What you will do: Leaving out all pictures, transcribe exactly the lines between the line with "творчества, крафтового производства" and the last line of the records below, both included.
Exercise materials below:
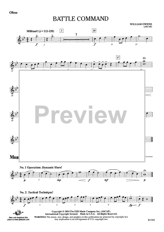 Digital Sheet Music for Battle Command - Oboe by William Owens scored for Concert Band; id:445748
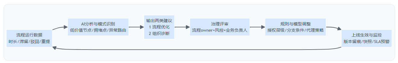 走到2026年,流程引擎的角色会从“执行与路由”进一步延伸到“诊断与建议”。但AI增强不是让系统替人拍板,而是用数据把组织与流程的低效之处暴露出来,并给出可验证的优化选项。
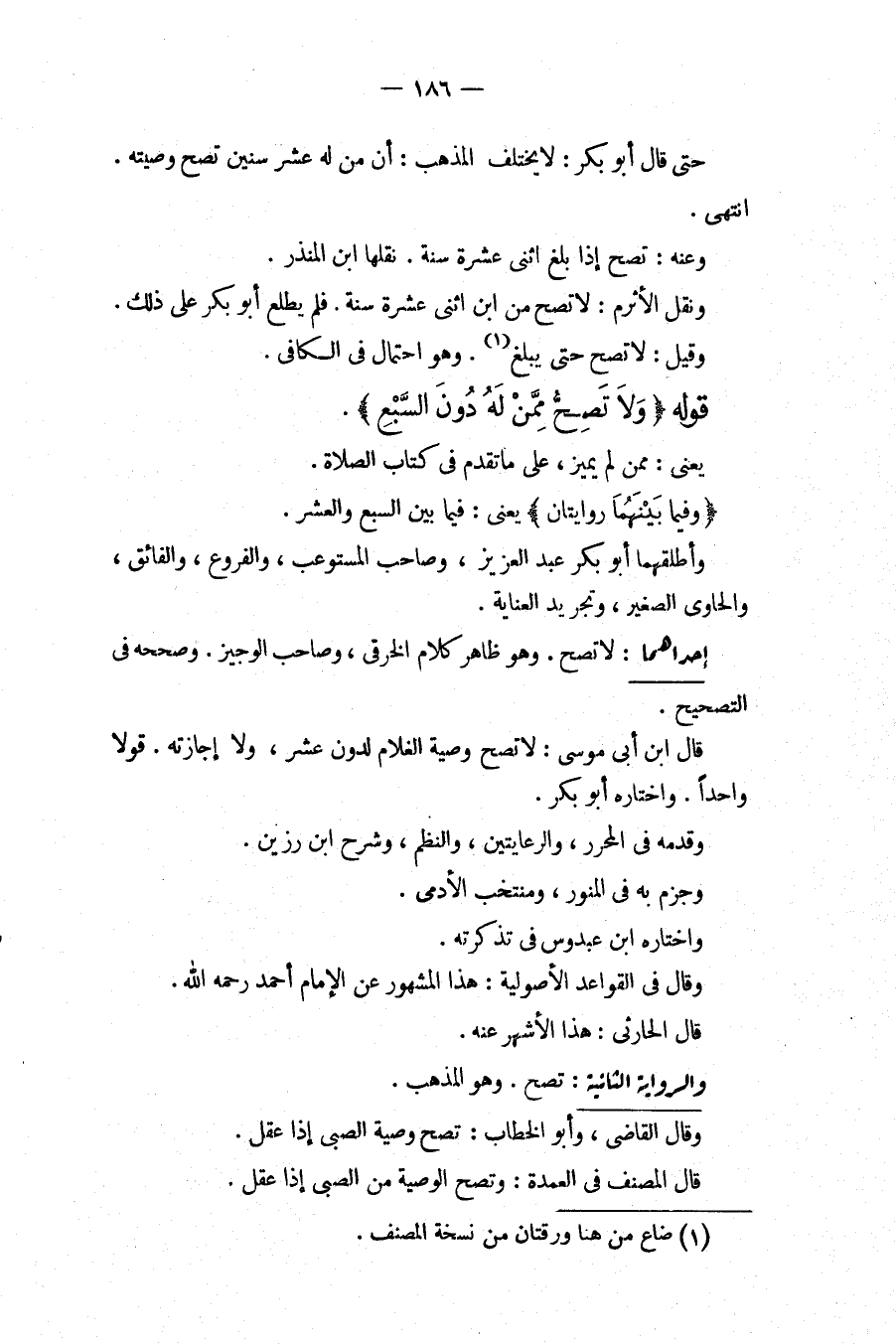 حَتَّى قَالَ أَبُو بَكْرٍ: لَا يَخْتَلِفُ الْمَذْهَبُ: أَنَّ مَنْ لَهُ عَشْرُ سِنِينَ تَصِحُّ وَصِيَّتُهُ. انْتَهَى. وَعَنْهُ: تَصِحُّ إذَا بَلَغَ اثْنَيْ عَشْرَةَ سَنَةً. نَقَلَهَا ابْنُ الْمُنْذِرِ. وَنَقَلَ الْأَثْرَمُ: لَا تَصِحُّ مِنْ ابْنِ اثْنَيْ عَشْرَةَ سَنَةً. فَلَمْ يَطَّلِعْ أَبُو بَكْرٍ عَلَى ذَلِكَ. وَقِيلَ: لَا تَصِحُّ حَتَّى يَبْلُغَ. وَهُوَ احْتِمَالٌ فِي الْكَافِي
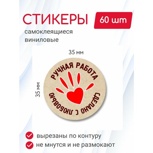 Наклейки "Ручная работа" виниловые самоклеящиеся, крафт, размер 3,5х3,5 см, 60 стикеров для hand made, творчества, крафтового производства
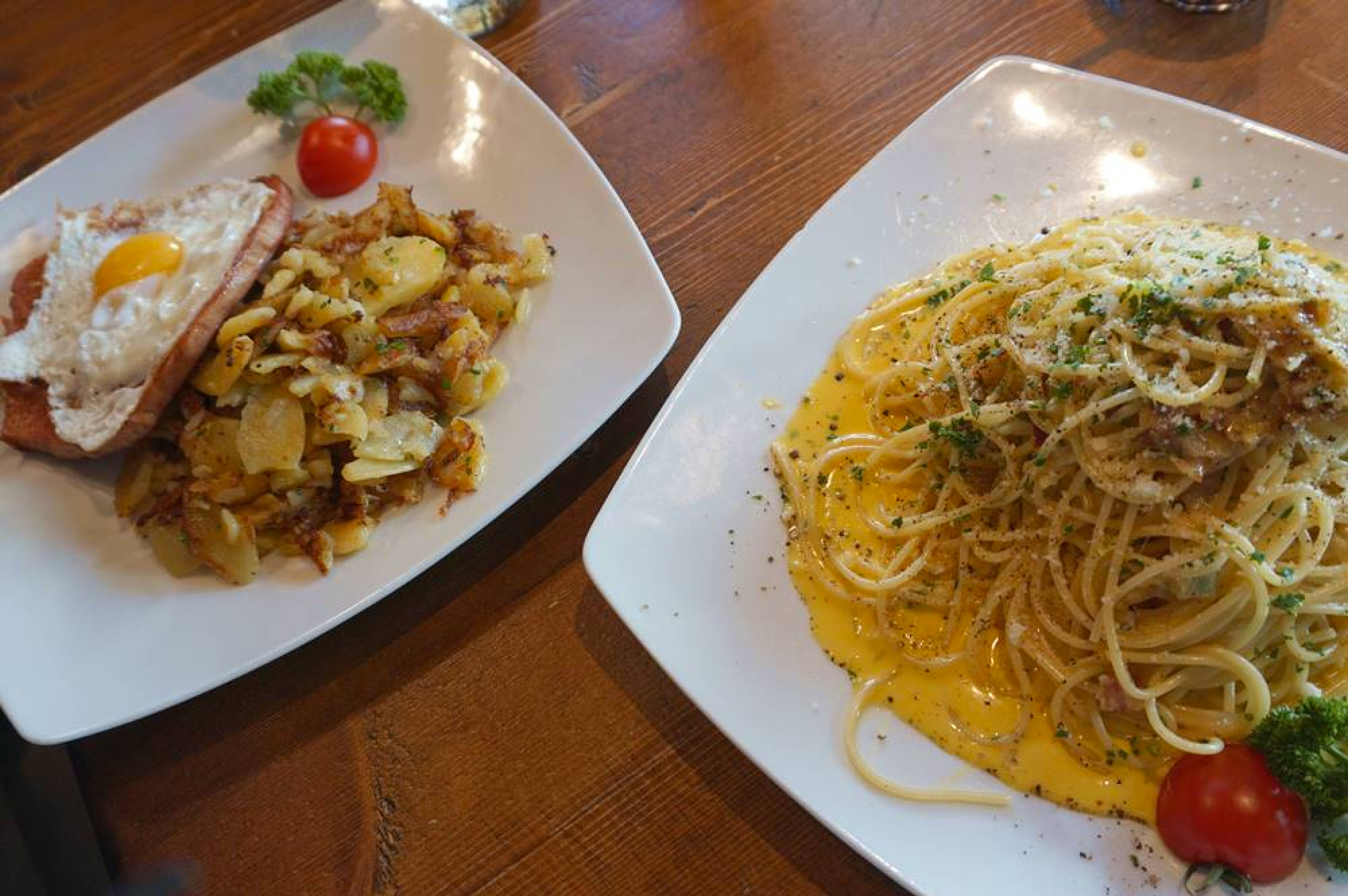 Wir bestellen uns zwei traditionelle Gerichte, einmal Spaghetti Carbonara und einmal gebackenen Fleischkäse mit Bratkartoffeln und Spiegelei. Dazu gibt es ein alkoholfreies Weizen und ein Skiwasser (Himbeersirup mit Mineralwasser). Das Essen kommt schnell und die Portionen sind groß und lecker. Perfekt nach einer Wanderung. Später setzen wir uns noch in die Sonne und genießen das Leben. Wir stellen fest, dass die Kalcheralm ein beliebter Treffpunkt für Familien und Freunde ist. Während die einen wandern und die anderen die Hänge runterbrettern, kann man sich nach den unterschiedlichen Aktivitäten hier zum gemeinsamen Mittagessen in der gemütlichen Hütte treffen.
End of Exercise materials.
Result of this exercise:
 Наклейки "Ручная работа" виниловые самоклеящиеся, крафт, размер 3,5х3,5 см, 60 стикеров для hand made, творчества, крафтового производства
 Wir bestellen uns zwei traditionelle Gerichte, einmal Spaghetti Carbonara und einmal gebackenen Fleischkäse mit Bratkartoffeln und Spiegelei. Dazu gibt es ein alkoholfreies Weizen und ein Skiwasser (Himbeersirup mit Mineralwasser). Das Essen kommt schnell und die Portionen sind groß und lecker. Perfekt nach einer Wanderung. Später setzen wir uns noch in die Sonne und genießen das Leben. Wir stellen fest, dass die Kalcheralm ein beliebter Treffpunkt für Familien und Freunde ist. Während die einen wandern und die anderen die Hänge runterbrettern, kann man sich nach den unterschiedlichen Aktivitäten hier zum gemeinsamen Mittagessen in der gemütlichen Hütte treffen.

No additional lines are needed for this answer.